Darn, I was hoping that workaround will work.
Fixing this should just involve fixing it so we don't get a stack trace if there's a timeout error, but we might want to also double-check that there's nothing weird with the link we're using for epss data.
I've tried a couple of things but I can't seem to duplicate this myself easily even with an empty database. As tempting as it is to start messing with my routing table to see if I can make it happen, I think it probably makes more sense to just catch the timeout and hope we can work around it with me going in a bit blind? So I'm going to try to do that instead of bashing my head against it trying to figure out why it's happening.
So it turns out the reason --disable-data-source EPSS
didn't work is that EPSS wasn't loading in the same way as the other data sources. Le sigh. Fixing it so it could be disabled wasn't too hard, but fixing it so it behaves exactly like the other data sources (including better handling of the timeouts) will take a bit more refactoring. I'm testing a halfway between solution right now to see if it's worth having a halfway solution or if I should just refactor properly.

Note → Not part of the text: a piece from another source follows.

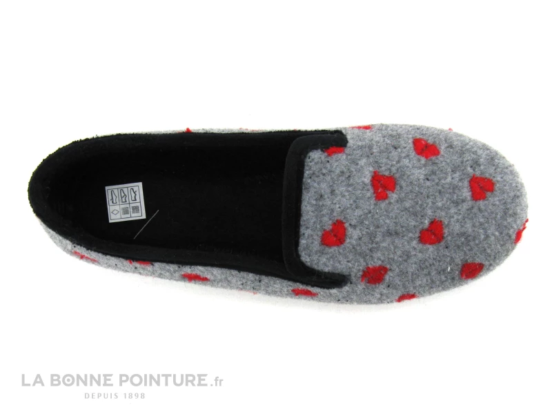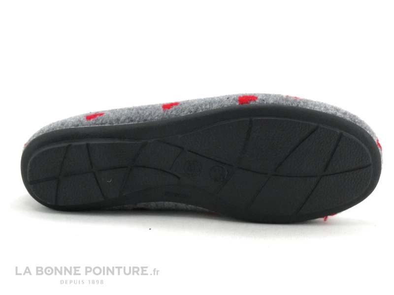Ce chausson Femme est en textile molletonné gris clair, parsemé de petits coeurs rouges.
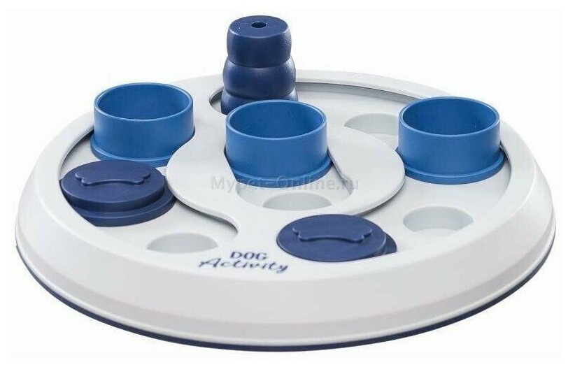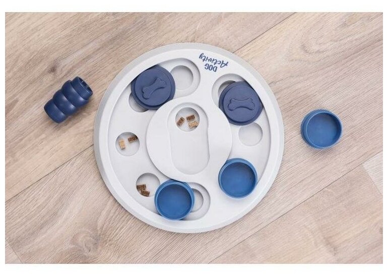Развивающая игрушка Flip&Fun для собак представляет собой круглое основание с различными элементами для игры.Игрушка не только развивает моторику и ловкость собаки, но и приносит много радости вашему любимому питомцу!На основании предусмотрены 4 отделения с двигающимися элементами-колпачками, под которыми можно спрятать лакомство. Отодвигая и сбрасывая лапками колпачки собака получает угощение в награду!Преимуществасобака получает удовольствие, используя различные техники для открытия отделений;настольная игра с конусом и ползунками с углублениями;использование конуса в качестве ограничителя повышает уровень сложности;не скользит благодаря резиновому покрытию на основании;можно мыть в посудомоечной машине;брошюра с рекомендациями по проведению тренировок в комплекте.

I've got a tentative fix in https://github.com/intel/cve-bin-tool/pull/4125 that may work for you. It should at least allow the EPSS data source to be disabled correctly as a workaround, as well as allow it to fail more gracefully. I haven't run it against the full test suite yet so it may need a bit of work still.
@tvyavaha, did you by any chance run your original attempts behind a proxy? You mentioned switching between networks, but just in case - was there one where HTTPS connections are not/need not be proxied?
I'm facing a similar timeout, and for me it's definitely the proxy, and the reason seems to be that EPSS data source code doesn't seem to support proxies (lines 72 and 92 need to be adjusted in the same way #923 did for cvedb.py
).
#4125 is focusing on making it possible to properly disable this data source, but that is a separate story and I wonder if the actual root cause is the same for the issue I observe, and the one you did. If so, I think there's no point in submitting yet another issue on this, and otherwise I'd do that.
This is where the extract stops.